Wildfires rage across British Colombia

Nearly 300 hundred forest fires are devouring British Columbia’s tinder-dry wilderness, with the latest major blazes breaking out in the central coast.

An aggressive forest fire has eaten up the only road in and out of the remote, coastal town of Bella Coola, B.C. holding residents hostage.

The Tweedsmuir Park forest fire, now an estimated 18 square kilometres, jumped over Highway 20 on Sunday night, forcing fire officials to close the road at Heckman Pass.

Forestry officials allowed a small fire to burn in the area, but it ballooned on Sunday said Stephen Waugh, Emergency Operations Centre director for the Central Coast Regional District.

“We had a wind shift and that fire absolutely took off and kind of surprised everybody. They weren’t able to stop it before it hit the highway, so it’s crossed the highway and is burning on both sides now,” he said.

The sudden roadblock trapped tourists and residents in Bella Coola–a town which advertises its isolated wilderness location to tourists–and kept many locals from returning home after a weekend at nearby lakefront cabins.

An estimated 50 people are stuck outside the town and are being asked to go to the Cariboo Regional District emergency reception centre in Williams Lake 480 kilometres away. The regional district is dealing with several enormous fires itself.

A freight truck was allowed to traverse Heckman Pass on Monday so grocery stores have been restocked.

“We are hoping the liquor store was restocked too,” Mr.
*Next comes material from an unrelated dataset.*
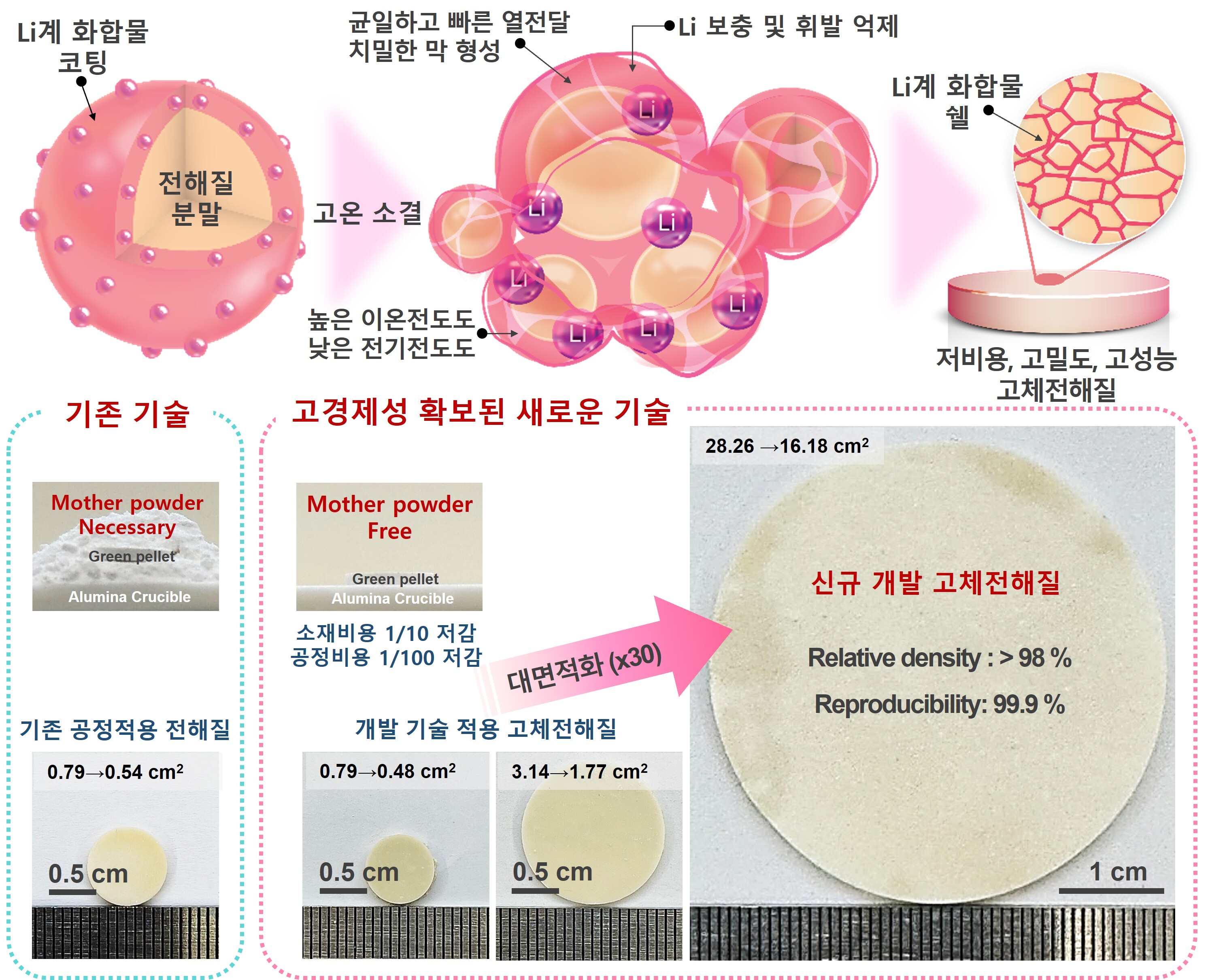 연구진은 기능성 리튬계 화합물을 고체전해질 분말 표면에 얇게 입히는 제조 기술을 개발해 이 문제를 완전히 해결했다. 표면에 형성된 코팅층은 소결 과정에서 리튬 원소를 공급하는 동시에 리튬이 휘발하지 않도록 보호하고, 입자 간 결합력을 높여주는 납땜(Soldering) 효과를 내어 전해질막의 밀도를 극대화한다.

Waugh said.

The first chance for the public to get in and out of the town will be Wednesday morning between 4:00 a.m. and 7:00 a.m PT.
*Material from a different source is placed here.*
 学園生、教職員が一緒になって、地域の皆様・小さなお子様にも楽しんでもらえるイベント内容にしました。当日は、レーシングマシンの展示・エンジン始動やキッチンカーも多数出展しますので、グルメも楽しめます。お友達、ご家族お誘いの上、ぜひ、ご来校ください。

“Fire activity is least active first thing in the morning, so the fire service has recommended that time to get people through,” Mr. Waugh said. “All of this is always subject to fire behaviour.”

Forest fires blocked off the same artery in 2009. Unlike last year, the town site is safe, with the fire burning 120 kilometres away, and no evacuation alerts or orders have been issued yet.

“Bella Coola is safe and clear and everybody is happy here,” Mr. Waugh said.

Further out of town, five residents of The Precipice community have been put on evacuation alert.

A separate fire, 50-kilometers north of Bella Coola, has forced outdoor enthusiasts to leave the Upper Dean River. The Cariboo Regional District issued an evacuation order for 250 metres on each side of the river from Kalone Creek to Takla River.

At least two fishing lodges have been evacuated along the river, which is renowned for its steelhead, salmon and rainbow trout fishing.

The fire is currently estimated at 600 hectares and is being attacked by 20 firefighters and four helicopters, said fire information officer, Eric Meagher.

The fire was sparked by lightening on August 2 and smoldered until the heat dried out the area and allowed it to erupt, Mr. Meagher said.

While temperatures are expected to drop, fire crews are expecting a stiff battle for the rest of the week thanks to increasing winds, he said.